Spell checking as a test
- Dist::Zilla::Plugin::PodSpellingTests is DEPRECATED! The old name of the PodSpelling plugin
- Dist::Zilla::Plugin::SpellingCommonMistakesTests Generates a Test::Pod::Spell::CommonMistakes release test
- Test::Pod::Spelling::CommonMistakes Checks POD for common spelling mistakes using Pod::Spell::CommonMistakes.
- Dist::Zilla::Plugin::Test::PodSpelling Generates a Test::Spelling author test
- Perl::Critic::Policy::Documentation::PodSpelling Spell check the POD. Aspell is used via an open command.
Checks spelling via remote service/application
- Bing::Search::Source::Spell uses Bing to spell check text.
- Lingua::AtD Provides an OO wrapper for After the Deadline grammar and spelling service.
- Lingua::MSWordSpell Uses Microsoft Word's Spellchecker over OLE automation instead of something like ispell
- Net::Google::Spelling simple OOP-ish interface to the Google SOAP API for spelling suggestions. This appears abandoned based on last update date, number of open bugs and the fact it has more failed test reports than passes.
- WebService::KoreanSpeller A Korean spell checker
- Gtk2::Spell Perl bindings to GtkSpell, used in concert with Gtk2::TextView.
- Lingua::Jspell Perl interface to the Jspell morphological analyzer.
- Lingua::Spelling::Alternative Use affix files generated by the ispell tools to return alternative spellings of a given word
- Pod::Spell a formatter for spell checking Pod, no actual checking capabilities built in.
- Text::SpellChecker::GUI Implements a user interface to Text::SpellChecker
- Tie::Ispell Ties a hash with an Ispell dictionary
- tkispell Perl/Tk user interface for Ispell
While many of these modules are actively developed and useful many do not fit my requirements for this project. I want to spell check any kind of utf8 encoded text and not need an Internet connection or closed source program to accomplish this task. The first two groups direct and indirect spell checkers appear to meet these requirements.
So which one to use? Lets take a look under the hood. GNU Ispell gives spelling suggestions if a word is not found in its dictionary. When searching for possible corrections to present it uses a Damerau–Levenshtein distance of 1.

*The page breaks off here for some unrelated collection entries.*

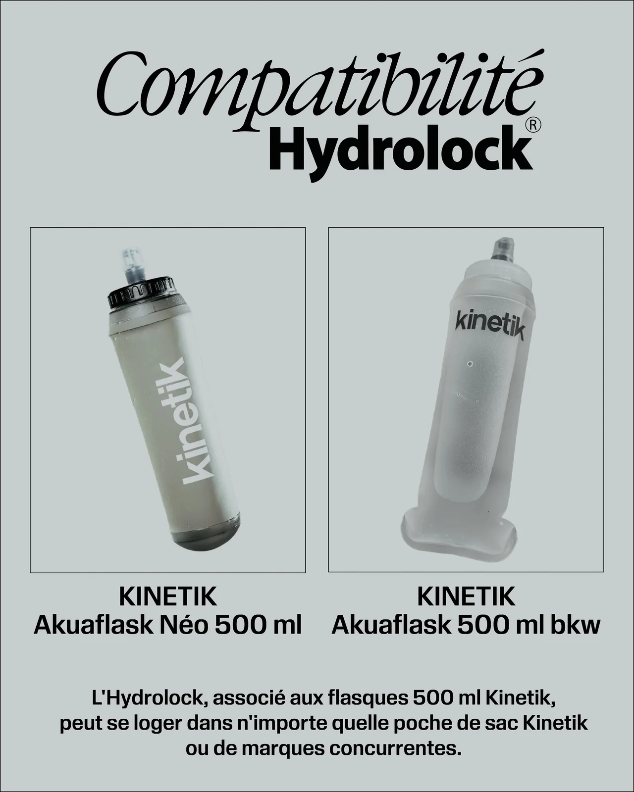 Compatibilité : L’Hydrolock est compatible uniquement avec deux modèles de flasques Kinetik : la 500 ml Néo et l’AKUAFLASK 500 ml BKW. Cependant, L’Hydrolock, associé aux flasques 500 ml Kinetik, peut se loger dans n’importe quelle poche de sac Kinetik ou de marques concurrentes.
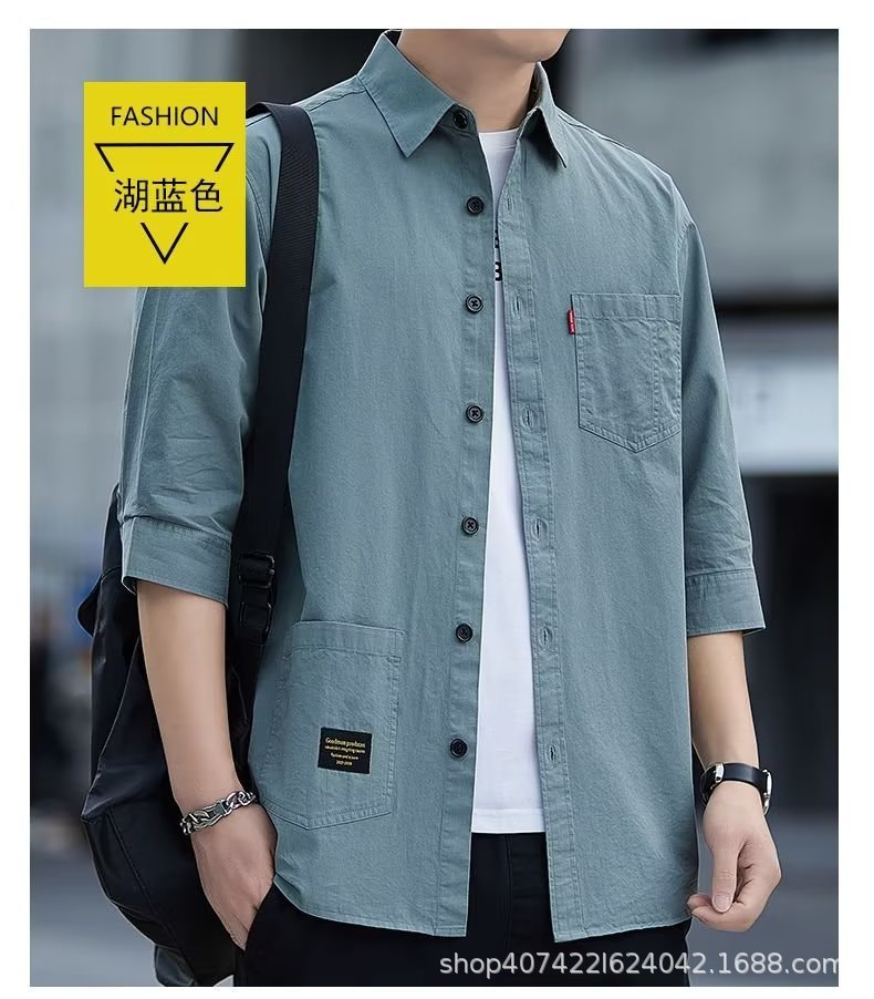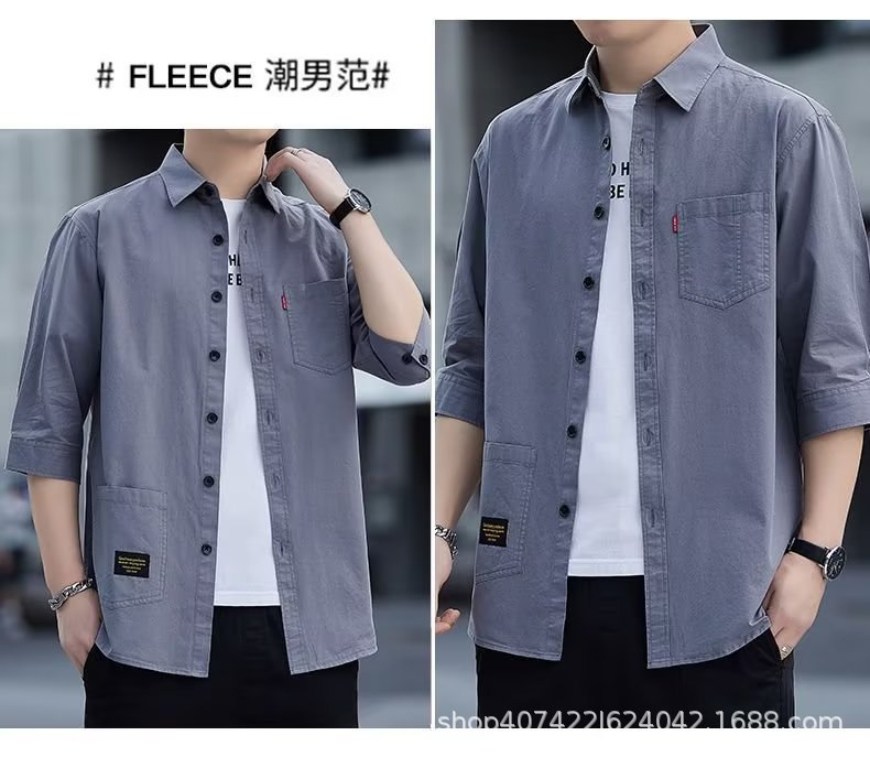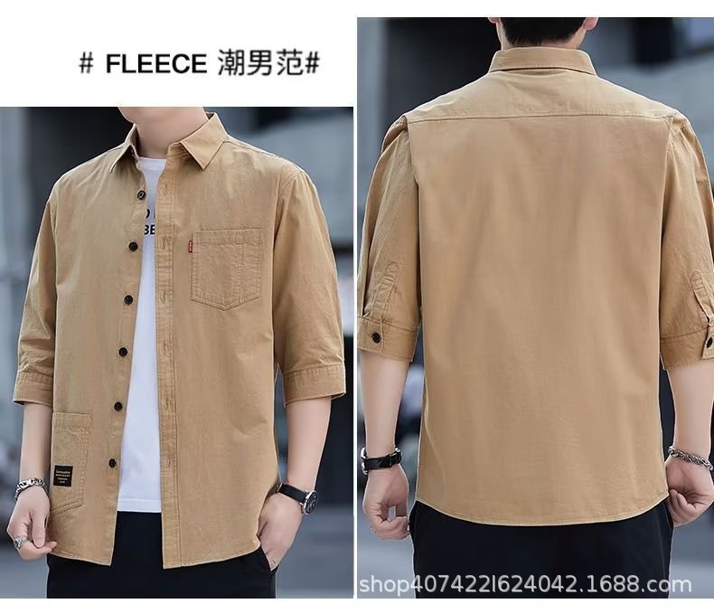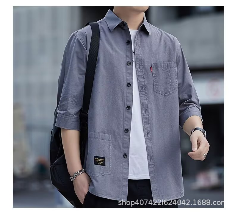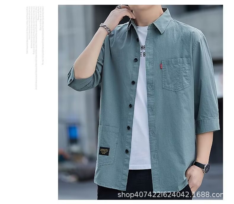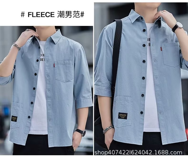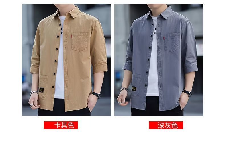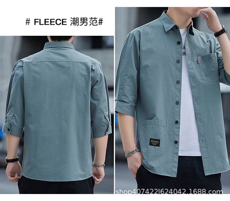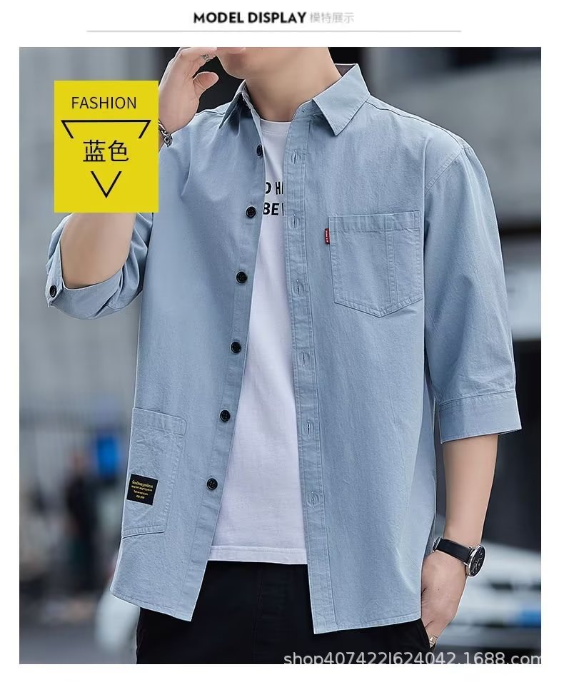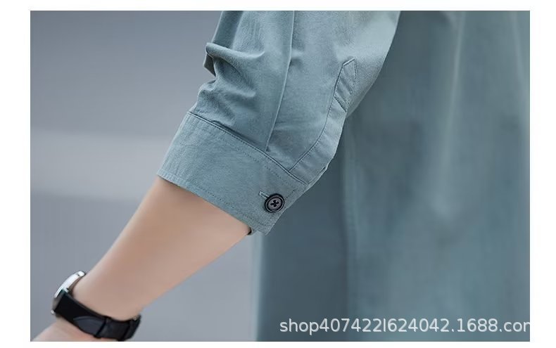 원피스 배달 긴팔 셔츠 남성 작업복 코트 여름 트렌디 한 느슨한 캐주얼 셔츠 남성 캐주얼 홍콩 스타일스토어 가기
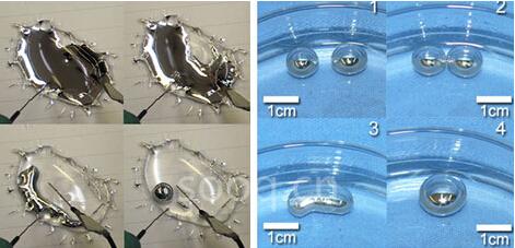 在清华大学教授刘静的实验室中,出现了这样一幕:电解液中,一张薄膜瞬间变为直径约5毫米的液态镓金属球,并在吞“食”0.012克铝后,以每秒5厘米的速度移动,且其形态可以随槽道的宽窄自动变形调整,蜿蜒前行,整个过程宛如科幻影片中的液态金属机器人“终结者”。
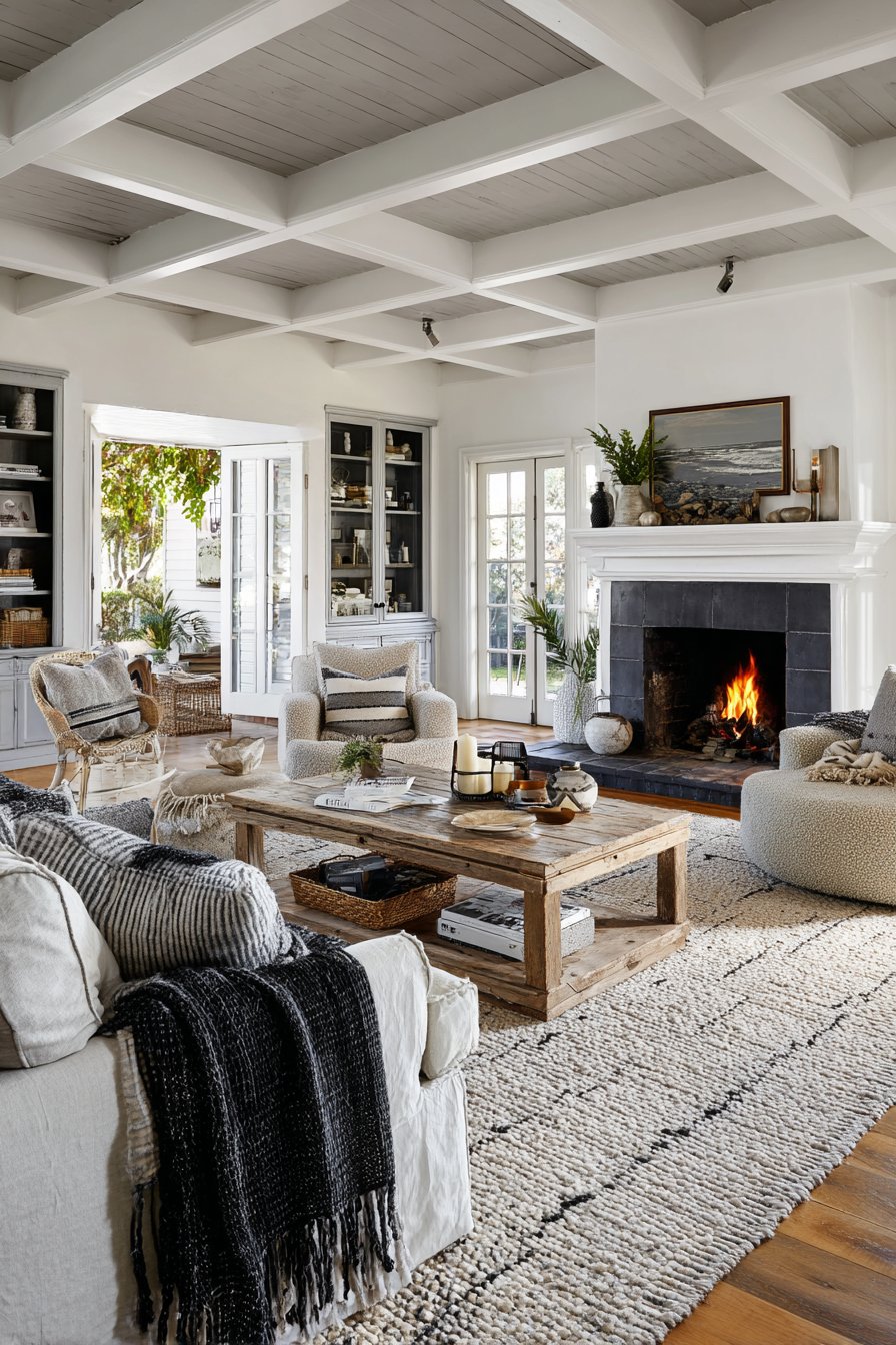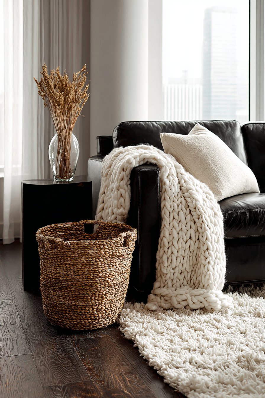 Start building texture from the floor up. A high-pile area rug in ivory or charcoal immediately softens a black-and-white space. Add woven baskets, a bouclé armchair, or a velvet accent piece to continue layering richness throughout the room. Each new texture you introduce reduces the clinical feel and adds depth.
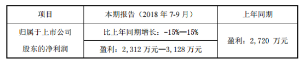 其中,第三季度实现归属于上市公司股东的净利润2,312万元至3,128万元,与去年同期2,720万元相比变动-15%至15%。
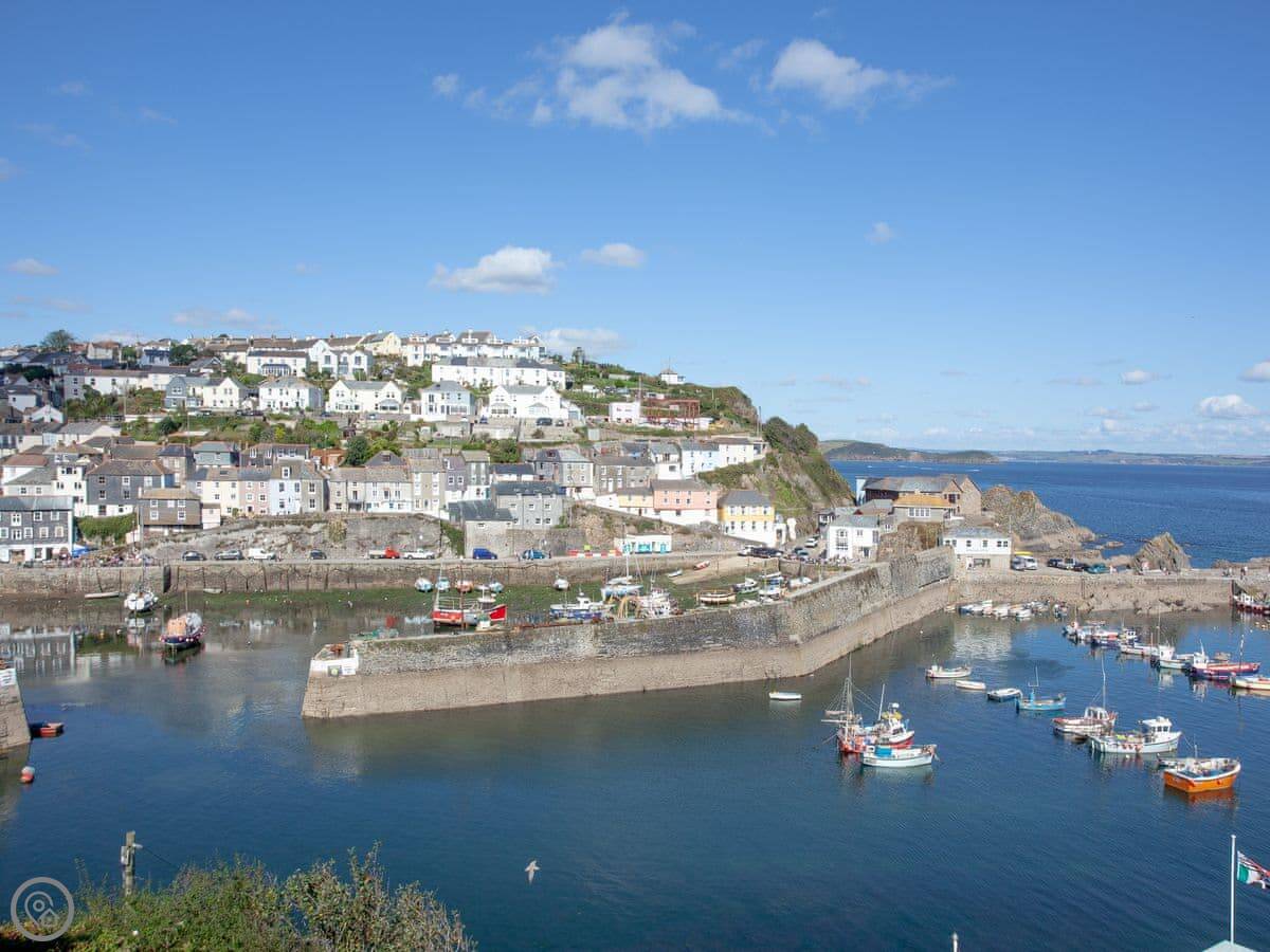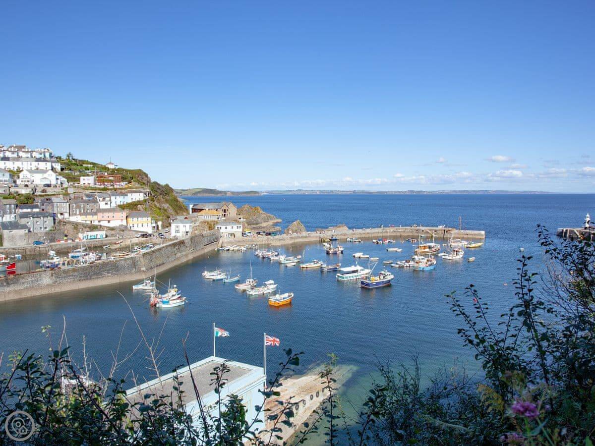 Mevagissey is a proper fishing village with a working harbour. There are shops, pubs, and places to eat all within walking distance. The beach is there too.
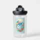 The bottle looks even better in real life. The ice cubes I put in lasts all day! I have my bottle with me all the time. It's summer and having something cold to drink feels amazing. With this bottle I always have something super cold. I have only tried the hot drink once and it lasted a long time as well. The color blue is a navy blue and the white printed on it is vibrant. It printed perfectly. I love my personalized smile water bottle.
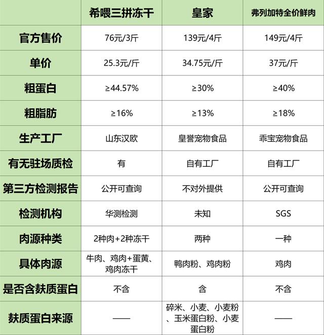 我家养了两只猫,个个当亲生的养的,这几年为了挑到靠谱的粮,没少下功夫,可以说我家喂过的每款粮都是我仔细看过配方表、研究了检测报告确定没问题的。好在用心没白费,至今一次雷都没踩过,家里两只猫个顶个的健康貌美。 经常有朋友问我:“猫粮是不是越贵越好?”“配料表第一名是肉就一定靠谱吗?”“我家猫总是恹恹的是不是猫粮营养不够?”说实话,选猫粮光看广告和详情页真的无法避雷...都是商家优化过拿出来宣传的,真实倒是真实,但没说的才是雷区。 所以这次我决定拿2026质量好性价比高国产猫粮排行榜中的三款猫粮,做一次真实、落地的横向测评。这三款猫粮分别是:希喂三拼冻干猫粮、皇家猫粮、弗列加特猫粮。这三款价格不同、配方各异,这次测评我不搞虚头巴脑的,会落地实际,教大家怎么根据自家猫猫的情况来选猫粮。 一、基本指标一览表老规矩,先汇总了此次参测三款猫粮的测评信息。怎样挑选猫粮?这次测评主要会测品控稳定性、营养全面性、致敏性这三点,测评原因和测评依据请接着往下看。 ![]() ✅希喂猫粮—0谷物豆类 希喂猫粮了避开了所有的谷物和豆类,大米、玉米、豌豆这些常见的致敏源一样没加。从源头断掉了过敏隐患,肠胃敏感的猫也可以放心的吃。 皇家猫粮—含多种麸质蛋白 皇家猫粮它的配料成分:碎米、小麦、小麦粉、玉米蛋白粉、小麦蛋白粉,都是麸质蛋白的来源。 ✅弗列加特全价鲜肉猫粮—无麸质蛋白 弗列加特全价鲜肉猫粮同样不含谷物和豆类中的麸质蛋白,避免了猫最常见的致敏源,不会因为麸质蛋白给猫咪肠胃增加负担。 三、三款猫粮测评表现总结![]() 皇家作为国际牌子,生产厂的规范度没话说,有自己一套成熟的品控体系。它家配方主打“细分营养”,幼猫粮、成年猫粮、老年猫粮都有。质量好性价比高猫粮它肉源里肉粉比例偏高,部分会加谷物。 (3)弗列加特猫粮![]() 弗列加特生产厂是优质合作厂,品控管得挺严,第三方检测报告出得也及时。它不含麸质,肉源就鸡肉、鸭肉2种,搭配简单,对肠胃刺激小。质量好性价比高猫粮不过价格确实偏高,长期喂的话,比普通粮贵不少。适合预算足的家庭。 四、总结怎样挑选猫粮?如果最看重安全 营养均衡全面 低致敏,直接看希喂三拼冻干猫粮。 总之,选猫粮光看品牌的宣传只能看到猫粮的优势,是否存在劣势还是要结合多方信息判断,比如看其品控监管是否到位、营养是否全面、是否含致敏成分等。希望这篇实测对比能帮大家在选猫粮的时候少走弯路,不踩坑。 |
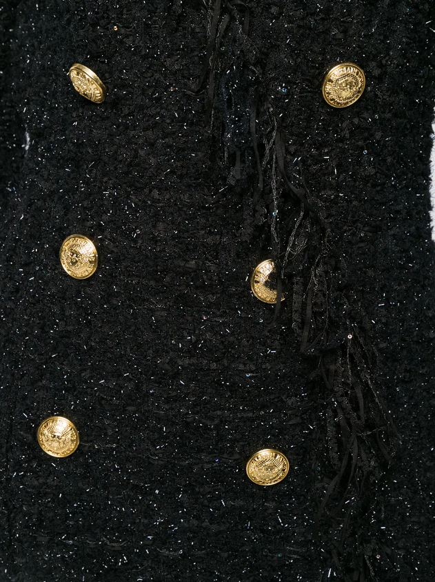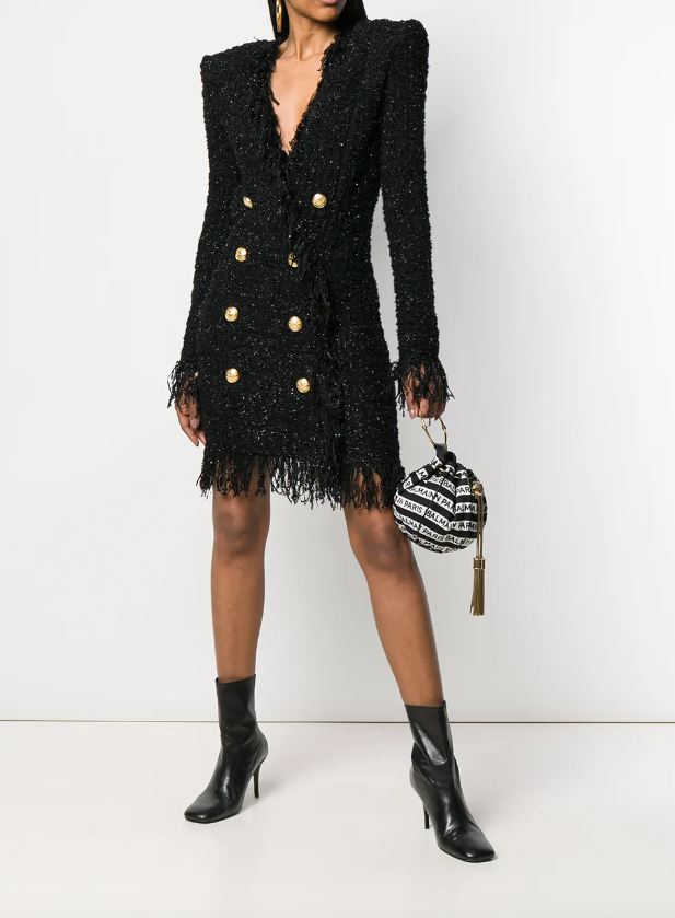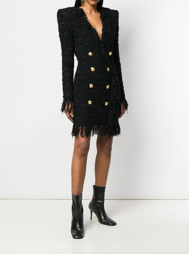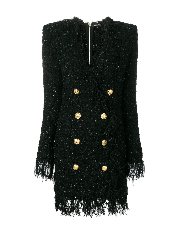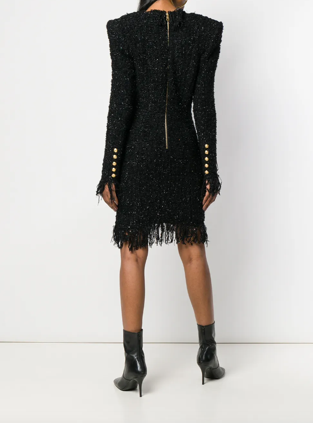 Elevate your wardrobe with this Balmain knitted dress, featuring signature gold buttons that add a touch of refined elegance. Crafted for a sleek, tailored fit, the dress combines luxurious knit fabric with iconic detailing, ensuring both comfort and sophistication. Ideal for upscale occasions, it offers a polished look that embodies timeless Parisian chic.

GNU Aspell is an Ispell replacement that can handle utf-8 by default, has 70 supported language dictionaries, and supports using multiple dictionaries at once.
Hunspell is an advanced spell checker based on MySpell that supports both dictionaries and rules. It is currently used by LibreOffice/OpenOffice and has dictionaries for 99 languages.
It looks like Aspell and Hunspell are the front runners. I rejected Meta::Tool::Aspell because it has not been updated since 2002 and the distribution it is a part of has tons of other modules that are not needed for this problem. That leaves Text::Aspell, Text::Hunspell, Search::Tools::SpellCheck, and Text::SpellChecker left. Now before I started trying these modules out, I decided to try the command line versions of aspell and hunspell against some test data and to compare the output.
Long story short they both generate too much noise due to how they function. If a word is in the dictionary or it can be matched then everything works out. Since I am dealing with text of any kind from source code files to memos and email there is too much noise. Things like company names, places, peoples' names, animals, plants, email addresses, and technical terms can easily be flagged as incorrect.
I wrote a few sample programs to try and work around this problem. I will cover the results of my research in a future post.